Overview

Our Software Tool comprises two key components: Visualization page and Ask Lantern model. The visualization tool illustrates the functionality of our genetic circuits. The Ask Lantern model leverages the power of large language models (LLMs) to save time in searching the large BioBrick database. By allowing users to describe desired components in plain language, the model speeds up the search process, making it easy to select suitable BioBricks for experimental setups.

Visualization

Introduction

In our LANTERN Visualization tool, two methods are implemented to enable users to intuitively explore and modify genetic circuits:

1. By selecting inducers and observing their effects in real-time animations, researchers can gain deeper understanding of logical operations and dynamic behaviors of these circuits.
2. The tool supports circuit design based on logical expression, allowing users to input truth tables or Boolean expressions and receive optimized circuit configurations.

Usage

Click Visualization page to use it. Here is a gif that shows all the operations:

To view an animated demonstration, simply select the inducer you wish to add from the drop-down menu at the bottom left labeled "Select the inducer to add." Please note that you could only select one inducer at a time, after which you can click the "Run" button. The schematic representation of the genetic circuits on the right will adjust according to your selection, either by flipping or removing elements. Once the animation concludes, you may repeat this process to observe how the circuits evolve with the sequential addition of inducers. Additionally, you can click the "Show Expr" button to view the logical expression corresponding to the modified circuits. (Note that by doing so, the content in the "Original Expression" field and the truth table will be overriden.) To return to the original circuits, simply press the "Reset" button.

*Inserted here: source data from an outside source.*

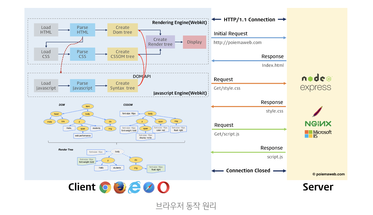 브라우저의 핵심 기능은 사용자가 참조하고자 하는 웹페이지를 서버에 요청하고, 서버의 응답을 받아 브라우저에 표시한다
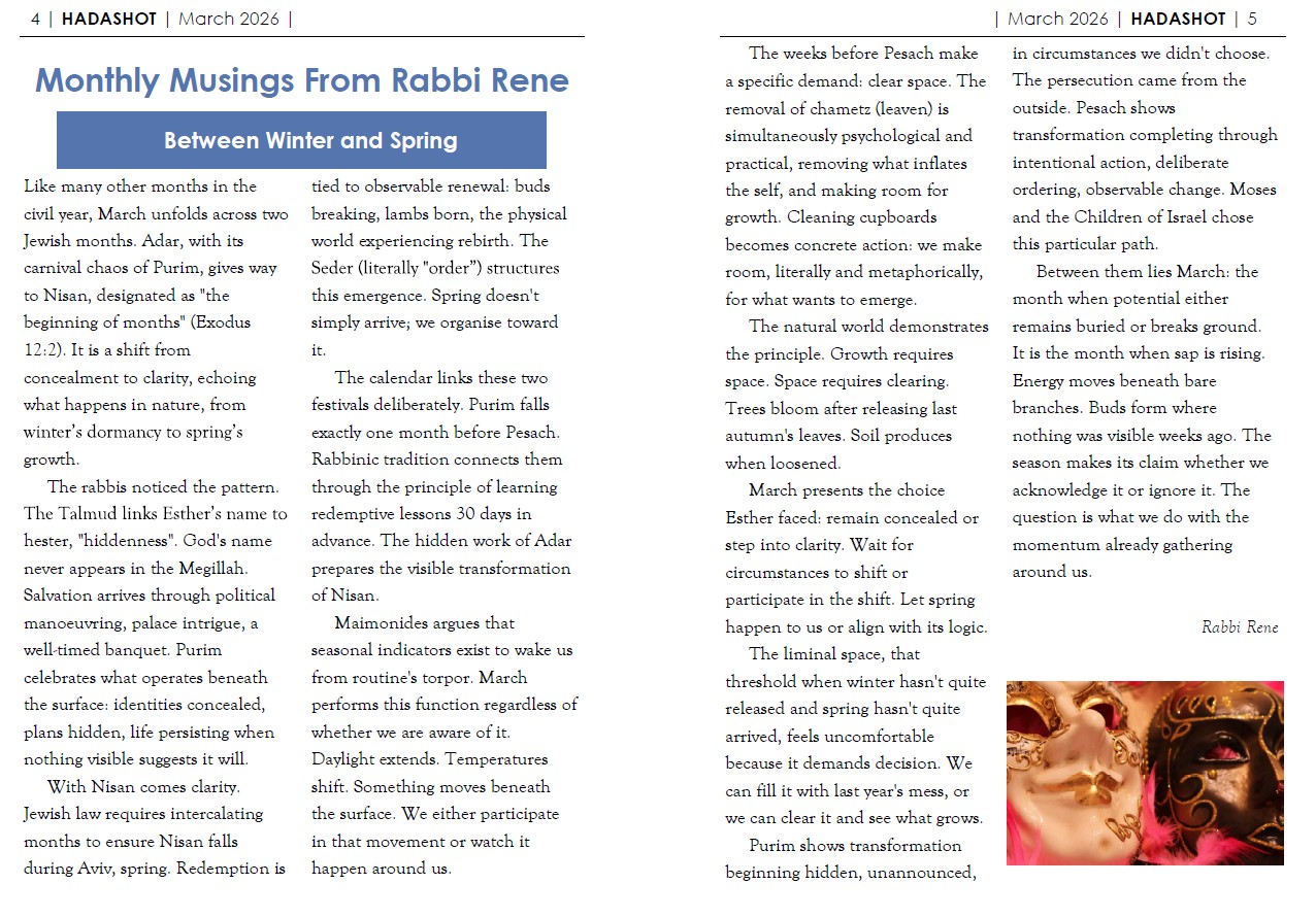 Click here to read RabbisMusings_Mar2026 about Rabbi Rene’s thoughts that explains that March, bridging Purim in Adar and Pesach in Nisan, symbolizes the movement from hidden beginnings to visible renewal, urging us to clear space in our lives so that transformation and growth can emerge.
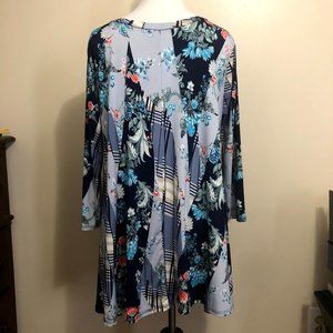 Floral & Plaid Blue Three-Quarter Sleeve Tunic (L)
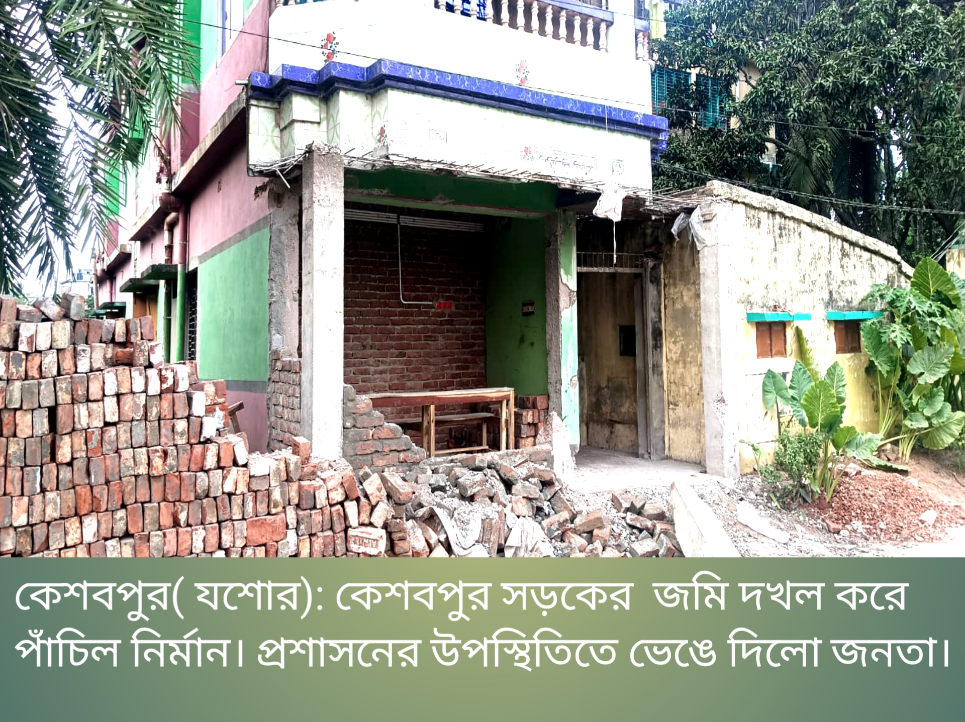 কেশবপুরে সড়কের জায়গা দখল করে প্রাচীর নির্মাণ, ভেঙ্গে দিল জনতা
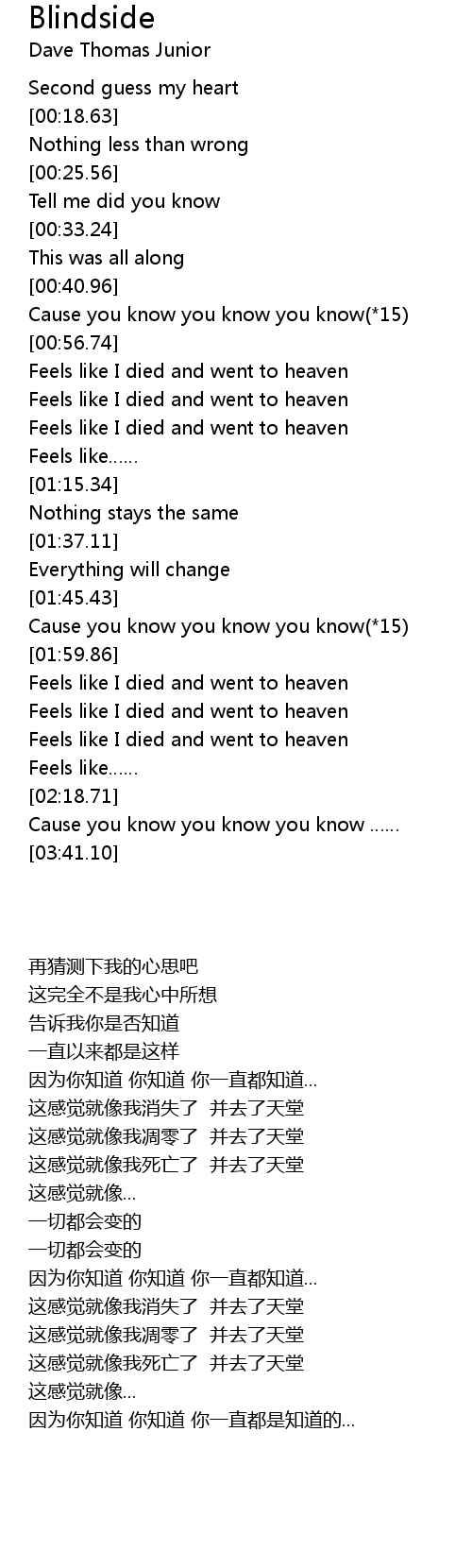 | [02:03.78] | Feels like I died and went to heaven |
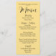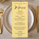 Simple style, beurre jaune couleur carte menu dîner pour votre mariage qui comprend un script noir et stylisé avec vos informations personnalisées. Modifiez la carte de menu et remplacez le nom et la date du mariage ainsi que les éléments du menu qui seront servis à la réception de votre mariage. Sélectionnez votre style de carte de menu selon vos besoins.
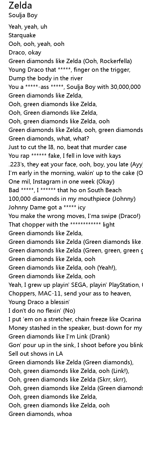 Green diamonds like Zelda, ooh, green diamonds like Zelda, ooh |
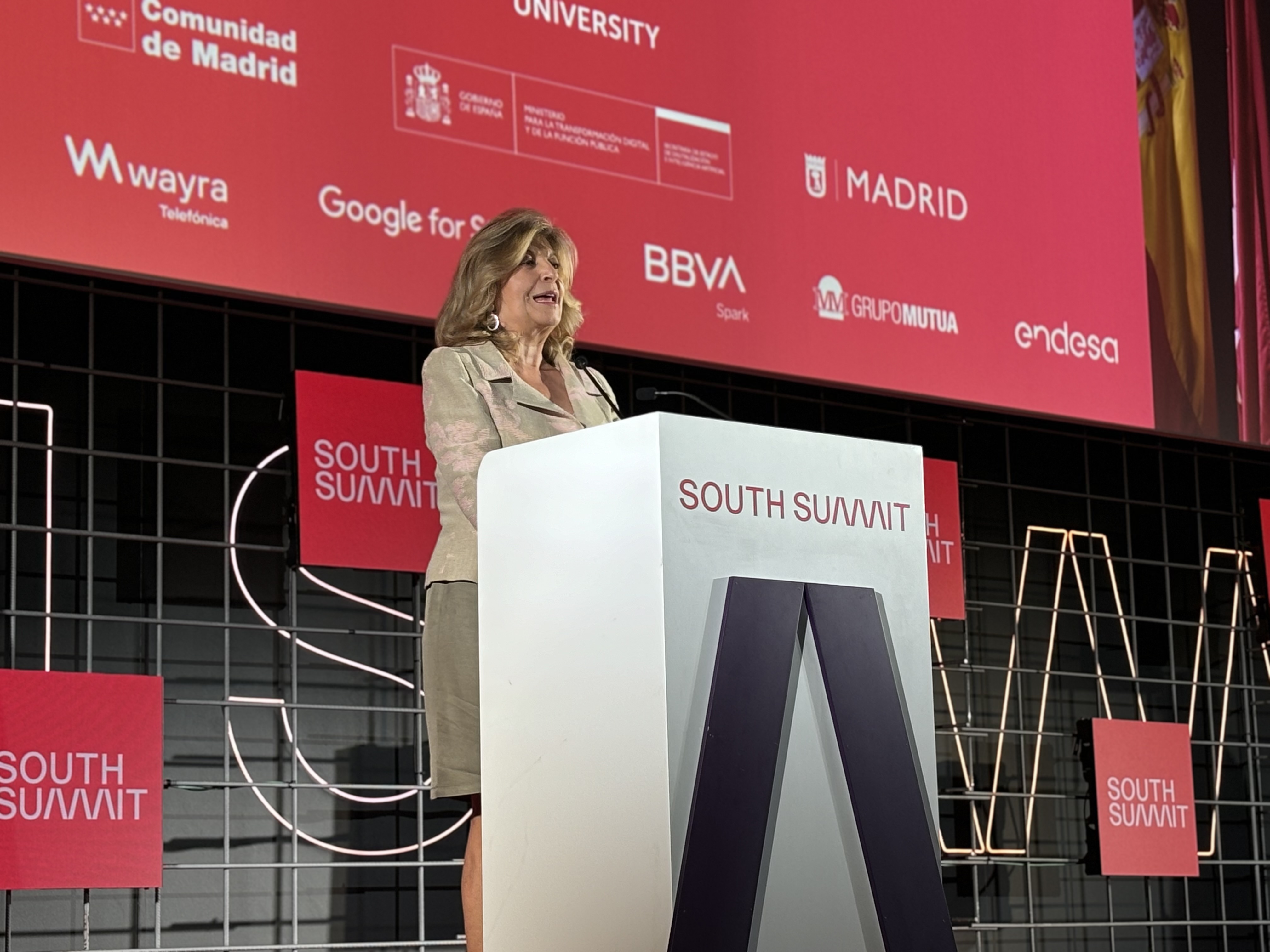Hidalgo, acompañada de Niño, durante su participación en la jornada de clausura de South Summit 2024, cumbre celebrada en La Nave
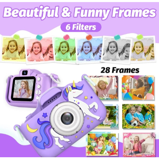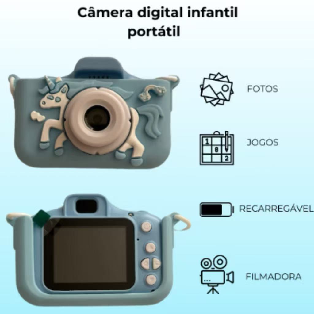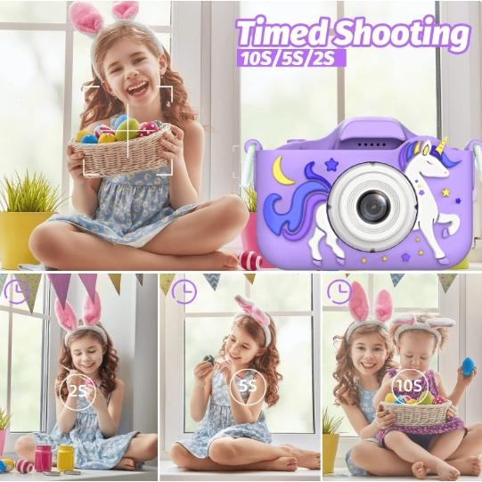 Câmera Infantil para Meninos, Meninas, Unicórnio de Desenho Animado com lente flip-up para Selfie e vídeo HD
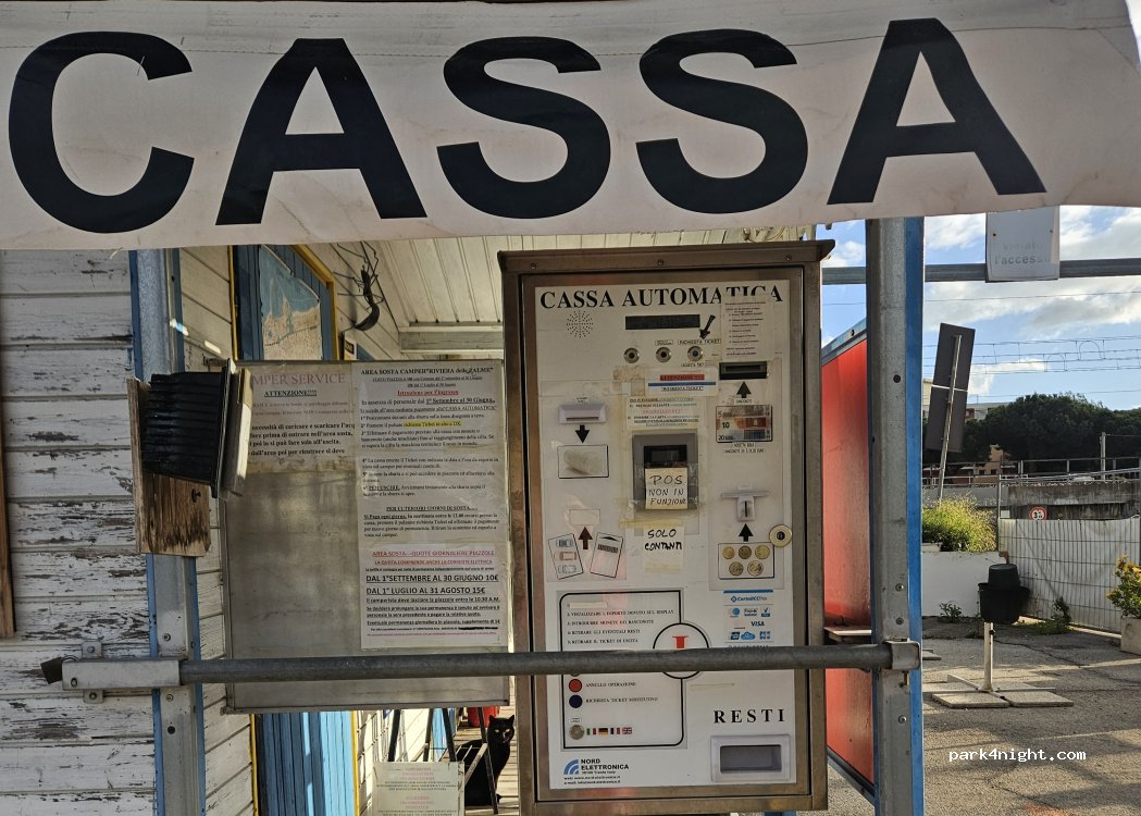 Area sosta attrezzata di tutto, CS, acqua potabile, docce calde 0,50 centesimi 1,5 minuti, lavello stoviglie con chiave, altrimenti fontanella 0,20 centesimi 12 litri circa. Piazzole abbastanza larghe su asfalto pianeggiante, l'unica pecca si trova sotto un cavalcavia e con la ferrovia alle spalle. C'è da dire che comunque fa ombra per qualche ora al giorno. Spiaggia a 300 metri con negozi.

To get a circuit of a specific logical function, you can enter your target logical expression in the "Original Expression" field, such as "A|B". Alternatively, you can configure the truth table using the rightmost column of the table displayed. The page will then present the corresponding "Formalized Expression," along with the necessary inducers and their order of addition to achieve that expression. Following this, you can select the suggested inducers and enjoy the animated demonstration.

Ask Lantern

Introduction

Synthetic biology is growing thanks to new design methods that let researchers use existing parts to customize systems more efficiently. Standardized biological parts are vital to this field. The iGEM community has created a large collection of these parts, making it easier for anyone to access and reuse them. However, the huge Biobrick database can be overwhelming because there are so many options.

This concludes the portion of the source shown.